Additionally, given that Tier 1 capital must be perpetual and cannot have a mandatory redemption date, the 10-year repayment period in the Small Business Jobs Act cannot be enforced.104

Treasury addressed this issue by placing the following additional requirements and restrictions on participants who miss dividend payments:

Treasury's OIG agreed that Treasury's equity investment policy is consistent with the legislation and that "it has reasonably structured the program to incentivize payment of dividends."106 However, it recommended that "Congress consider whether an amendment to the Small Business Jobs Act and/or waiver from the Collins Amendment to the Dodd-Frank Act is needed to make the repayment of dividends a requirement for exiting the program."107

In conclusion, congressional oversight of the SBLF is currently focused on the program's potential long-term costs and effects on small business lending. Underlying those concerns are fundamental disagreements regarding the best way to assist small businesses. Some advocate the provision of additional federal resources to assist small businesses in acquiring capital necessary to start, continue, or expand operations and create jobs. Others worry about the long-term adverse economic effects of spending programs that increase the federal deficit. They advocate business tax reduction, reform of financial credit market regulation, and federal fiscal restraint as the best means to assist small businesses and create jobs.
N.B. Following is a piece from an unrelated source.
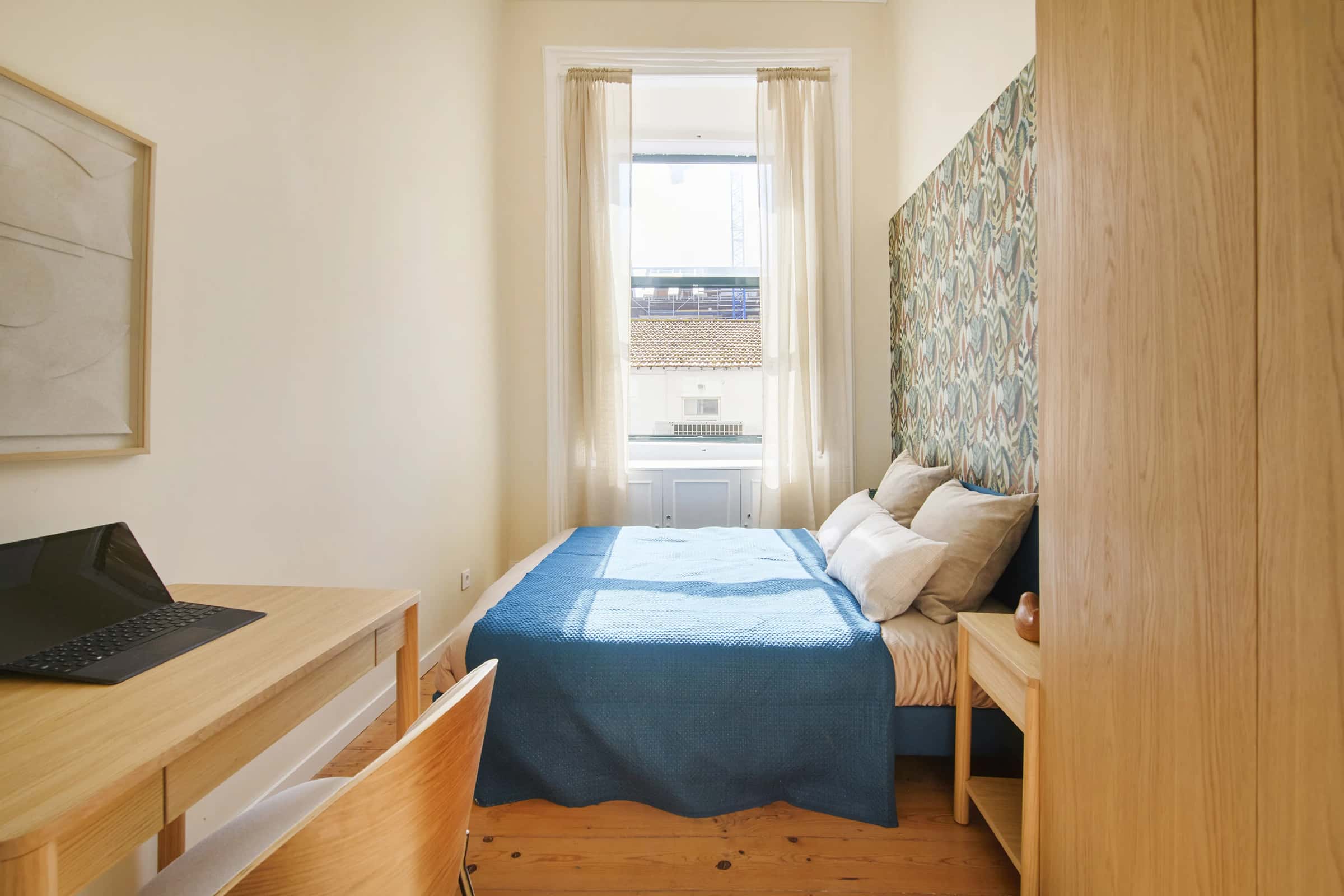 EN This cozy first-floor apartment in Santos offers comfort and practicality in a lively area of Lisbon. Featuring 8 bedrooms, 3 bathrooms (2 full and 1 half bathroom), it is designed to provide a welcoming and functional living space. The apartment also includes a bright and fully equipped kitchen, ideal for everyday use.With its generous space and inviting atmosphere, this apartment is perfect for those who value both comfort and location. Shops, cafés, restaurants, and essential services are all within easy reach, making it a great place to enjoy life in Lisbon. The nearest supermarket is about a 2-minute walk, and the closest bus stop is approximately 3 minutes away, ensuring convenient access to transport and nearby amenities. Santos is a vibrant and historic neighborhood in Lisbon, known for its lively streets, riverside views, and cultural atmosphere. The area offers a mix of shops, cafés, restaurants, and essential services, making it ideal for comfortable urban living. Train: Santos station provides convenient access to the Cascais Line, connecting easily to central Lisbon and the coastal areas.Buses: Several main bus lines serve the Santos area, including the 714, 727, 736, and 758 lines, offering easy connections to other parts of the city.Thanks to its central location in Santos, living here means excellent public transport options and quick access to Lisbon’s main attractions. - Miradouro de Santo Amaro – A scenic viewpoint overlooking the river and city.- Museu da Carris – A cultural attraction showcasing Lisbon’s historic transport.- Riverside cafés and restaurants – Offering a vibrant dining and leisure scene.- Local shops and markets – Convenient for daily errands and exploring the neighborhood.- Cultural and historic landmarks – Adding charm and character to everyday life.Santos offers a mix of culture, leisure, and accessibility, making this spacious and well-equipped apartment a perfect choice for comfortable and authentic living in Lisbon. - No smoking.- No pets allowed.- No parties.- Trash must be taken out daily.- Short-term visitors are allowed (2 days). Longer period: €20 per day.- Utilities: included up to €25 per tenant.- Cleaning: offered by the landlord.- Bedding: pillows, duvet, and bed sheets are not provided.- Payment before check-in: first and last month, deposit and admin fee.- Check-ins: from Monday to Saturday from 4pm until 7:30pm. No check-ins on Sundays and bank holidays. Check-in is authorized only 24h after the payment is confirmed in our bank account and the contract is signed. The bedroom is a cozy and comfortable space, designed to offer residents a peaceful and restful environment. The room features a cozy double bed, a desk, a chair, and storage space for your belongings.

Appendix. The SBLF's Legislative History

The SBLF's Legislative Origin

On March 16, 2009, President Obama announced the first SBLF-like proposal. Under that proposal, the Department of the Treasury would have used TARP funds to purchase up to $15 billion of SBA-guaranteed loans.108 The purchases were intended to "immediately unfreeze the secondary market for SBA loans and increase the liquidity of community banks."109 The plan was dropped after it met resistance from lenders. Some lenders objected to TARP's requirement that participating lenders comply with executive compensation limits and issue warrants to the federal government. Smaller, community banks objected to the program's paperwork requirements, such as the provision of a small-business lending plan and quarterly reports.110

In his January 2010 State of the Union address, President Obama proposed the creation of a $30 billion SBLF to enhance access to credit for small businesses:

When you talk to small business owners in places like Allentown, Pennsylvania, or Elyria, Ohio, you find out that even though banks on Wall Street are lending again, they're mostly lending to bigger companies. Financing remains difficult for small business owners across the country, even those that are making a profit.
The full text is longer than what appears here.